Chemical Periodicity of Other Elements

2026 Syllabus Objectives

By the end of these notes, you should be able to:

  1. Predict the characteristic properties of an element in a given group by using knowledge of chemical periodicity
  2. Deduce the nature, possible position in the Periodic Table and identity of unknown elements from given information about physical and chemical properties

What is Chemical Periodicity?

Periodicity means that certain properties of elements repeat in a regular pattern as you move through the Periodic Table. This happens because elements are arranged by their atomic number (number of protons), and elements in the same group (vertical column) have the same number of electrons in their outer shell.

Because elements in the same group have similar outer electron arrangements, they show similar chemical and physical behaviour. This predictable pattern is what we call periodicity.

Key point: If you know how one element in a group behaves, you can predict how other elements in that same group will behave.

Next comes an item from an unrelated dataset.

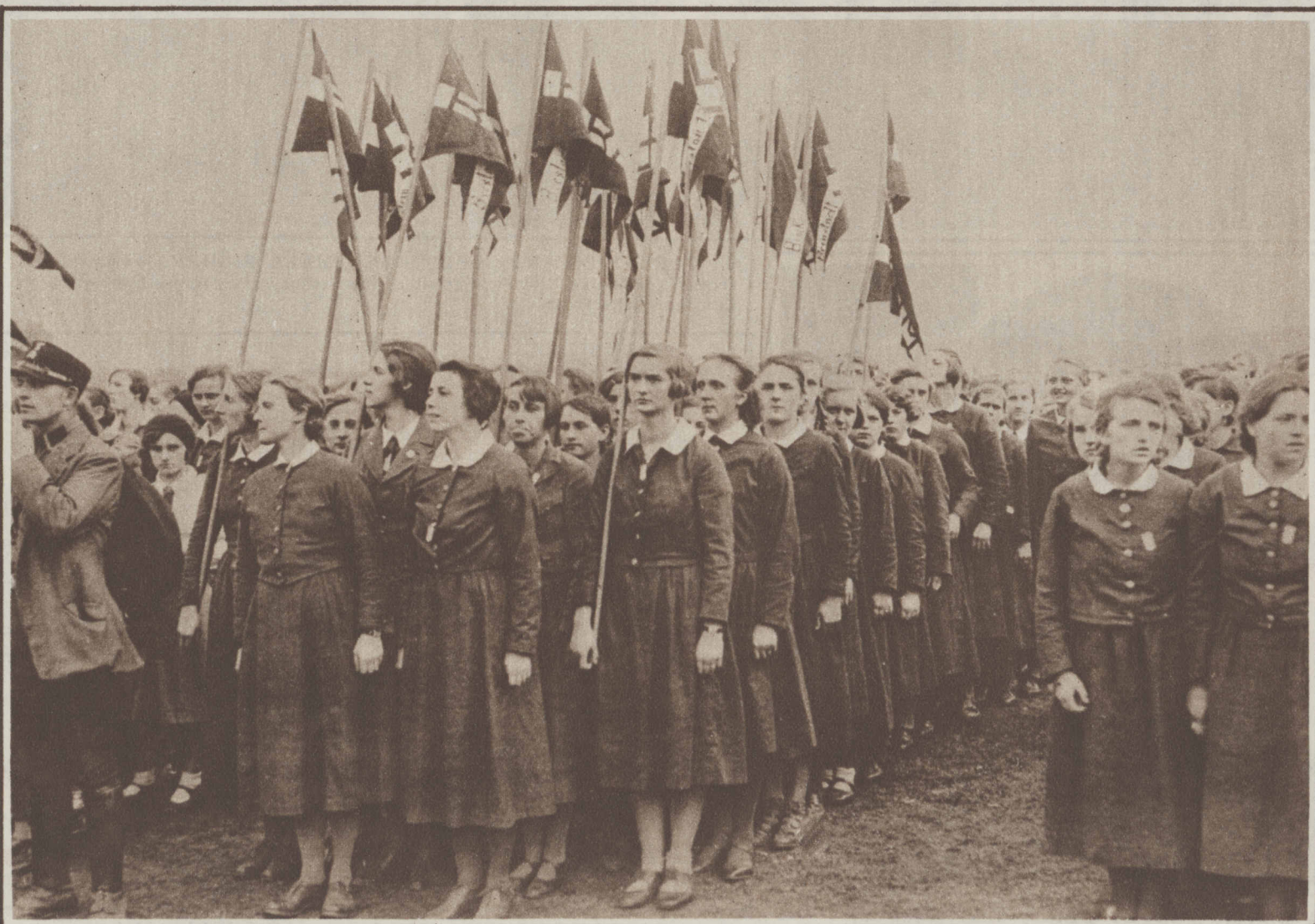
TWO PICTURES FROM GERMANY—Girl followers of the Nazi leader, Adolf Hitler, hear his address at Potsdam. At the right the aged Reichspresident von Hindenburg receives a bouquet from a youthful Berlin admirer in celebration of his 85th birthday.

Two-Way Predictions Using Periodicity

Periodicity allows you to make predictions in two directions:

Direction 1: Position Known → Predict Properties

  • If you know where an element is in the Periodic Table, you can predict its physical and chemical properties
  • You do this by comparing it to other elements in the same group

Direction 2: Properties Known → Predict Position

  • If you know the properties of an unknown element, you can work out where it belongs in the Periodic Table
  • You do this by matching its behaviour to the patterns shown by different groups

Understanding Periodic Trends

To make accurate predictions, you need to understand how certain properties change across the Periodic Table. Here are the key trends:

Atomic Radius (Size of Atoms)

Across a period (left to right):

  • Atomic radius decreases
  • Why? The number of protons increases, creating a stronger pull on the electrons. The electrons are pulled closer to the nucleus, making the atom smaller.
  • The number of electron shells stays the same across a period.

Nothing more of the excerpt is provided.